Is time a demon or a gift? Few amongst us hasn’t lamented the passage of time, and it’s something which weighs increasingly heavy as we age.
It was the summer of 1984 and I was working for the Ministry of Natural Resources (MNR) out of Cochrane, Ontario, as a Fish & Wildlife Technologist. My contract involved working in the field, in a remote location, inaccessible by road, with one co-worker whom I’d just met, collecting Lake Sturgeon population data on the Mattagami River. A pattern of Ten-On, Four-Off was repeated over a four-month period that summer, and both the experiences and natural beauty of our working environment, were priceless.
Reminds me of the old Monty Python Flying Circus routine “A Minute Passed“.
For those ten days, time stood virtually still. A simple routine that involved completing a series of tasks, and then time was our own. No pressing deadlines, no telephones, no meetings. The weather being our only external concern. I’ll grant, that those were pre-tablet and internet days, but we didn’t even have electricity in the cabin where we were staying, and the only form of communication with the outside world was a battery-powered Two-Way Radio. We would check-in at the same time every morning, to confirm with our Radio Dispatcher that we hadn’t run afoul of any large mammals, and otherwise, the only man made sound was that which we were responsible for. I read and wrote so much that summer.
Fast forward thirty years and like most of you, I’m frightened by how fast time seems to pass by. Why is that? The apparent speed with which time passes, not the fright.
Driving at 100 km / hour… ahhmmm! I often find myself coming to the realization that I’ve travelled hundreds if not thousands of kilometres in my car, and seen nothing but asphalt, concrete and flashing lights. I’ve driven back and forth to jobs, run errands and visited friend’s homes, but I haven’t gone anywhere, I haven’t done anything of worth. I believe that that sense of not having accomplished anything and time rushing by, are linked.
It’s not even a matter of doing too much, it’s more so that we keep looking for ways to do less. We rationalize that if we purchase this gizmo or streamline that process, we’ll have more free time to relax, and then time won’t feel to be in such short supply. We say we’ll read more, but we don’t. We promise to spend more time sitting in conversation with friends, but we don’t… we text! We fill that hard-earned free time with distractions that demand very little direct participation by us, and consequently we have nothing to show, only to further exacerbate the feeling that time is passing us by.
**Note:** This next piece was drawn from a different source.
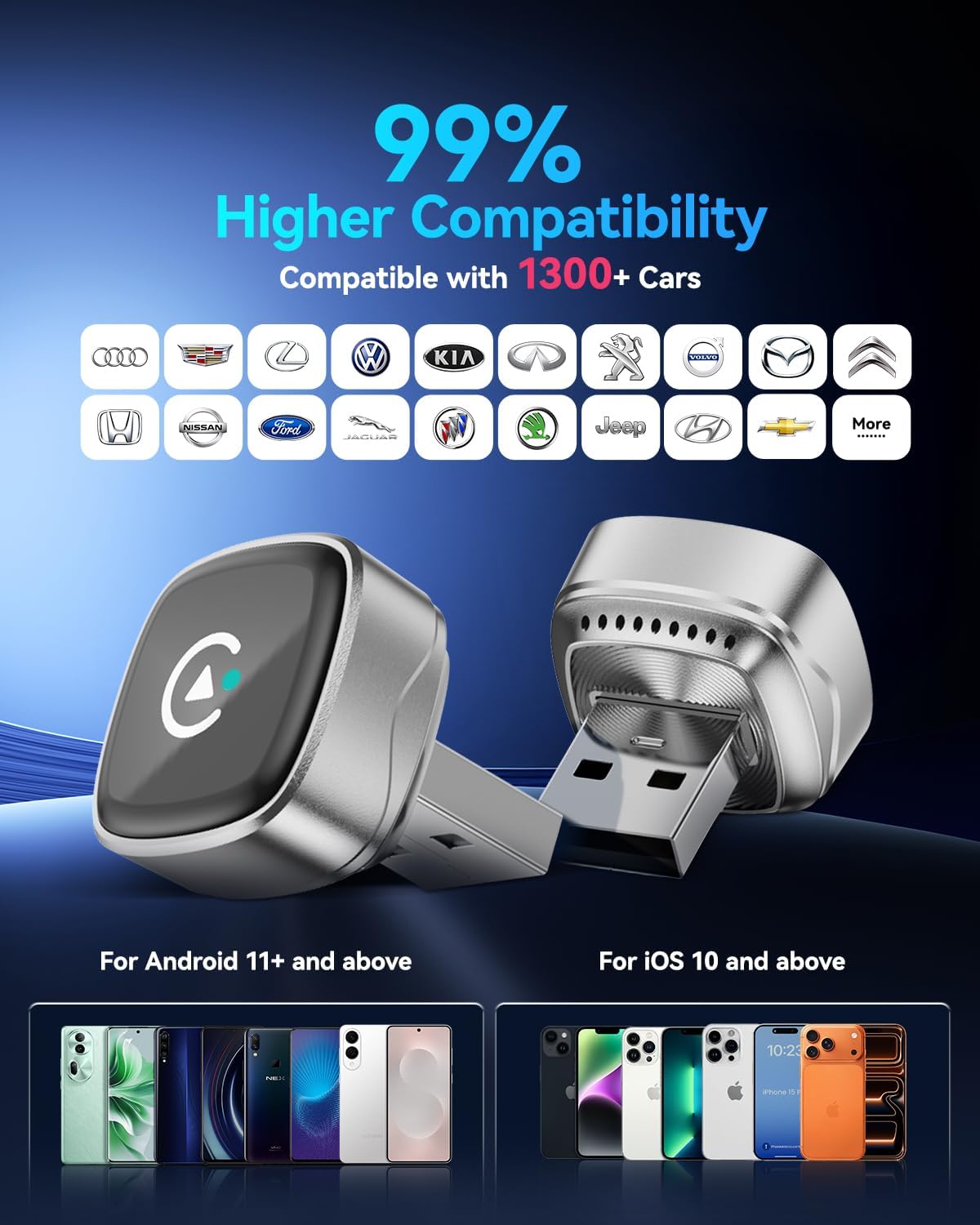 Wide Compatibility – Wireless CarPlay: iOS 10+; Wireless Android Auto: Android 10+. Bluetooth CarPlay adapter compatible with 99% of vehicles pre-equipped with usb wired CarPlay (Not compatible with Tesla or BMW).

I’m not suggesting that we need to be constantly making stuff or conquering another white-water run, but there’s a difference between relaxing and lethargy. “Time you enjoy wasting, was not wasted.” is a phrase originally attributed to Marthe Troly-Curtin, in her novel Phrynette Married, and most recently popularized by John Lennon. It speaks to being aware of how we spend our time, and forces us to consider how we choose to while away our days.
What is so exhausting about baking chocolate chip cookies from scratch, be it by yourself or in the fellowship of… great company We can’t converse while we measure out the flour We can’t share stories while we clean up, in anticipation of tasting the fruits of our labours How did thawing the store bought cookie dough, strengthen our relationships or stash away any dearly held memories What, if anything, did we learn about each other?
As read on a Hospital Cork Board, yup this is old, “The most tiring thing to do is nothing, because you can never stop to take a rest.”
Enjoyment is in the doing. The less effort we invest in ANYTHING, the less satisfaction we derive from the consumption. The lower the sense of accomplishment, the poorer our legacy.Squandering opportunities to positively impact the lives of others, only accelerates the sensation that time is whizzing past us.
I’m fortunate to have discovered an antidote to the question of a legacy and the relentless passage of time. Like many artists, I find it relatively easy to put all the outside pressures into perspective. I spend as much time as possible with my children, I read, I write, I DO. My camera allows me to gather and share a photographic legacy now, while I’m here to enjoy the reactions, and later to provide documentary evidence of my place in time.
Back on the Mattagami River, I’ll confess that as we approached the end of our ten days in the field, I did become anxious for the variety of faces and distractions that even Cochrane would afford and considered time to be a demon. However, after a few days back in town, I craved for the rustic surroundings of our little cabin and considered time to be a gift.